For the 2025 Genesis Facade Commission, Jeffrey Gibson invites reflection on the interconnected relationships between all living beings and the environment. Drawing from his distinctive style fusing Indigenous worldviews and imagery with abstraction, text, and color, Gibson has created four-large scale figurative sculptures for The Met Fifth Avenue’s exterior.
Titled The Animal That Therefore I Am, the installation transforms the Museum’s neoclassical facade into a dynamic stage for Gibson’s ambitious vision of figural presence and ecological kinship. Each 10-foot bronze sculpture takes the form of a regional animal: a hawk, a squirrel, a coyote, and a deer. Using cast elements such as wood, beads, and cloth to build texture, Gibson embraces a new process that expands his sculptural vocabulary. From these reproduced wood supports emerge referential animal forms, with each sculpture formally fusing the animate and the inanimate. Intricately bold, patinated abstract patterning evokes beadwork and textiles drawn from a range of Indigenous visual languages—motifs that are seamlessly integrated into the sculptures’ surfaces.
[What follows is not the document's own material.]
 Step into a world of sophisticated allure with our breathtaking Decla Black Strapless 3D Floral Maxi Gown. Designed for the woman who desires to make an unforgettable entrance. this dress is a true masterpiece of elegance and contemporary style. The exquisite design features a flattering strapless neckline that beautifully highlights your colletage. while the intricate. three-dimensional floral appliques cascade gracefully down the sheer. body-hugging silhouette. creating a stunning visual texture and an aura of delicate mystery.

The works are inspired by Jacques Derrida’s book The Animal That Therefore I Am, which examines the violence inherent in the human domination of animals—a theme Gibson connects to broader cycles of conflict. By selecting species native to the New York area, he reflects on how these creatures have been forced to adapt to human environments, inviting us to consider what they endure and what they might teach us. Flanking the Museum entrance, the zoomorphic forms remaining in dialogue with the surrounding landscape, from the natural environment of the Hudson River Valley, where Gibson lives and works, to the urban ecology of Central Park encircling The Met.